Member of the U.S. House of Representatives from New Jersey's At-large district
- In office March 4, 1815 – March 4, 1819
- Preceded by: District established
- Succeeded by: Bernard Smith

Personal details
- Born: October 31, 1764 Bucks County, Province of Pennsylvania, British America
- Died: October 8, 1840 (aged 75) near Middletown, New Jersey, U.S.
- Party: Democratic-Republican
- Occupation: Minister, farmer

= Benjamin Bennet (politician) =

American politician

Benjamin Bennet (October 31, 1764 – October 8, 1840) was a slave owner and U.S. representative from New Jersey.

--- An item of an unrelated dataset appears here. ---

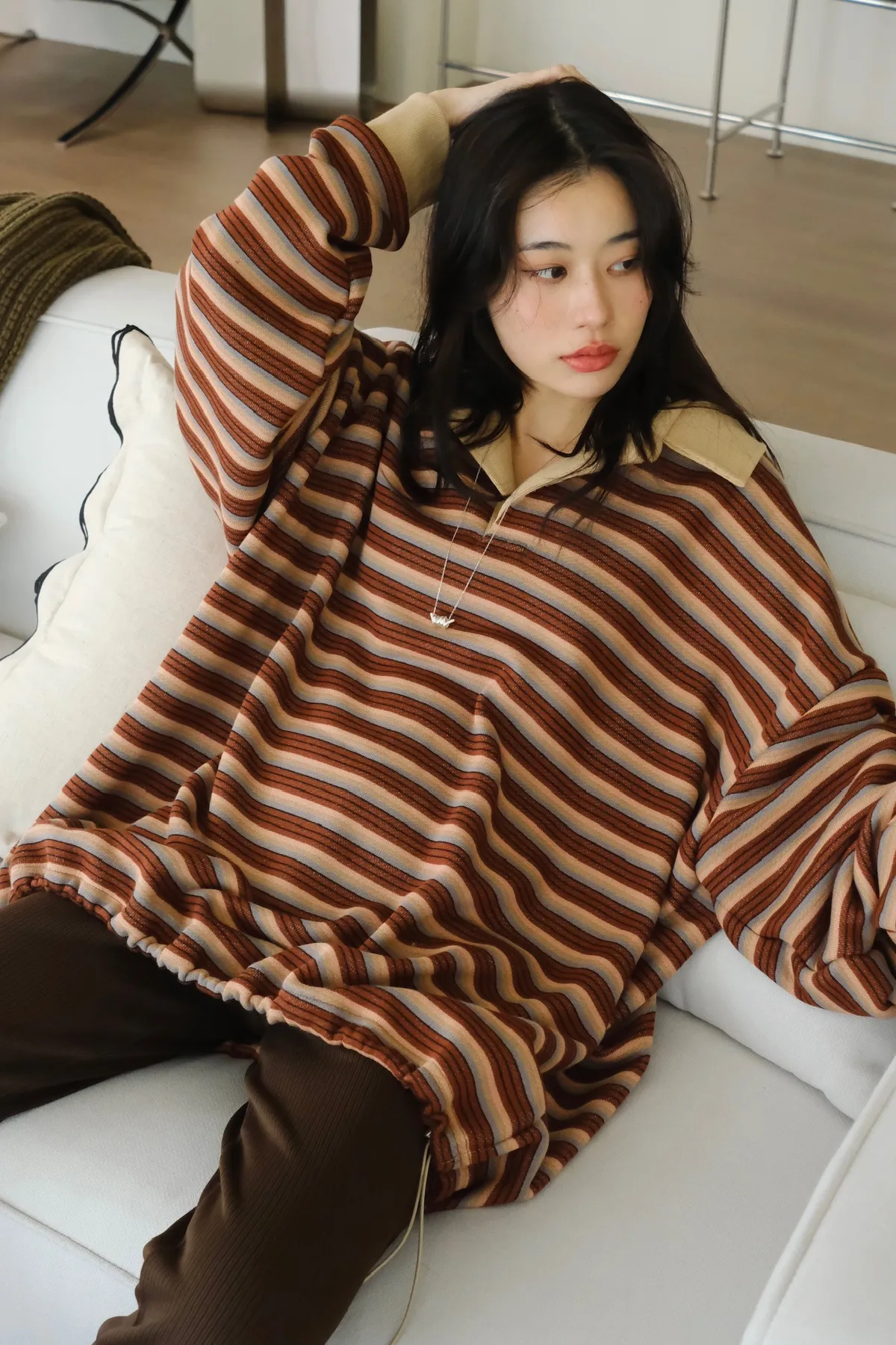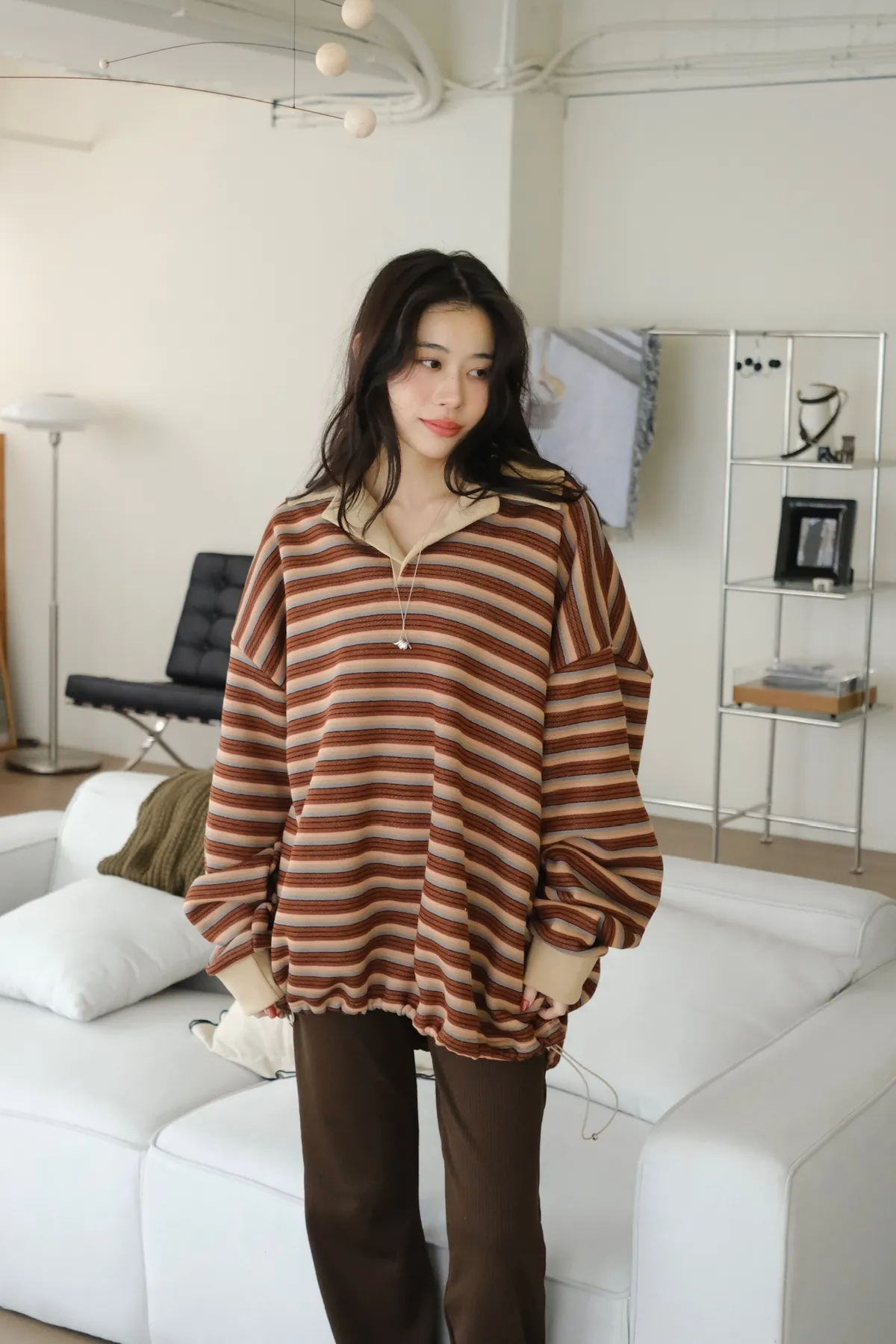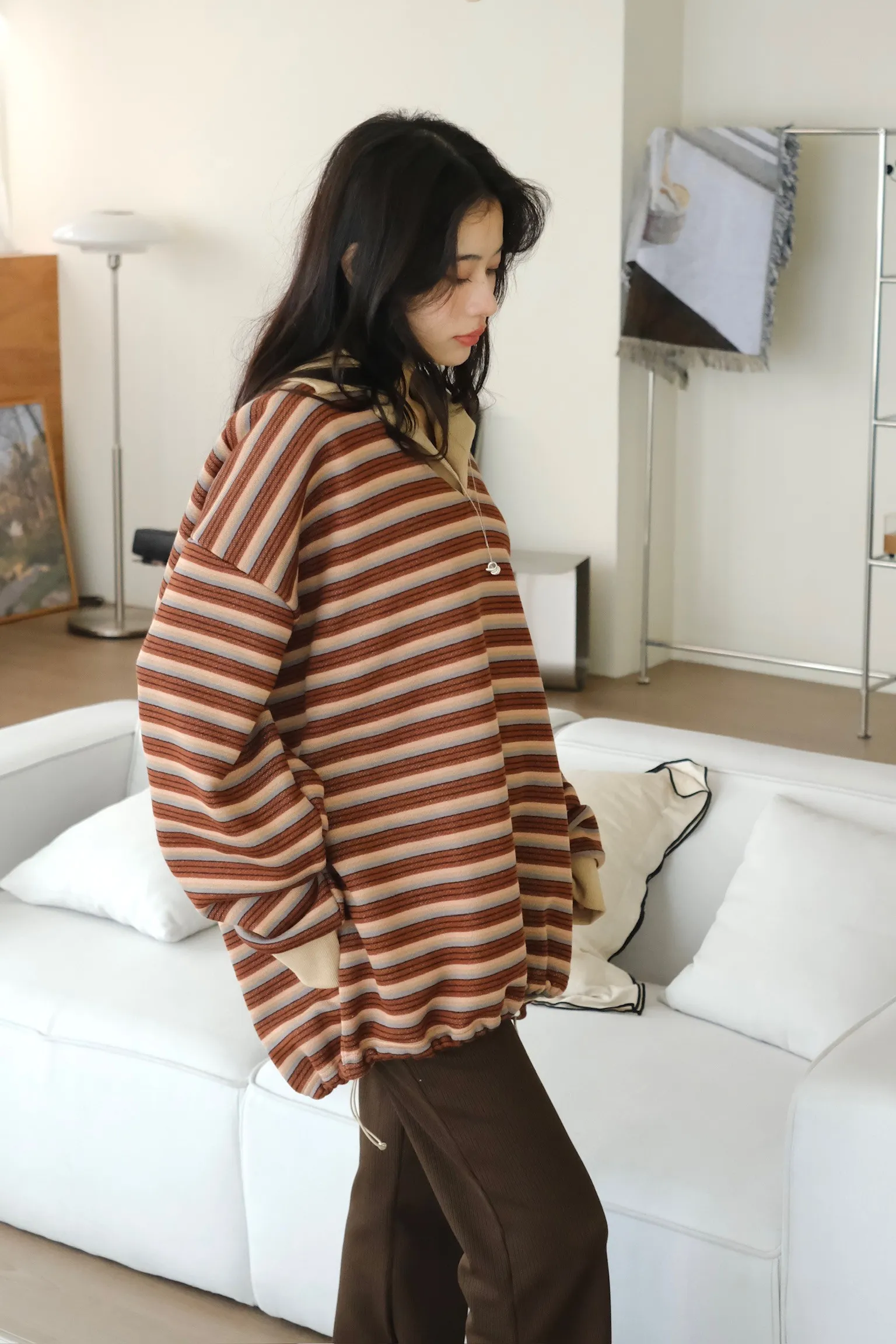 寬鬆落肩的版型 長度會完全蓋到臀
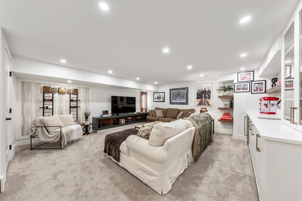Fully developed basement offers a comfortable lounge atmosphere with plush carpeting, a recreation area with wet bar, two additional bedrooms with walk-in closets, a fourth bathroom, and an additional well-appointed laundry space. Extensive upgrades include new subfloors, trusses, furnace, air conditioning, plumbing, electrical, and more—providing peace of mind for years to come. A double detached garage is located off the rear alley, and utilities have been relocated underground for added functionality and curb appeal.

Born in Bucks County in the Province of Pennsylvania, Bennet attended the common schools.
He studied theology, was ordained as a minister in Middletown Township, New Jersey in 1793, and served as pastor of a Baptist church in that city. He also engaged in agricultural pursuits.

Bennet was elected as a Democratic-Republican to the Fourteenth and Fifteenth Congresses (March 4, 1815 – March 3, 1819). After his time in office, he resumed agricultural pursuits.
He died on his farm near Middletown Township on October 8, 1840, and was interred in the Baptist Cemetery, Holmdel Township, New Jersey.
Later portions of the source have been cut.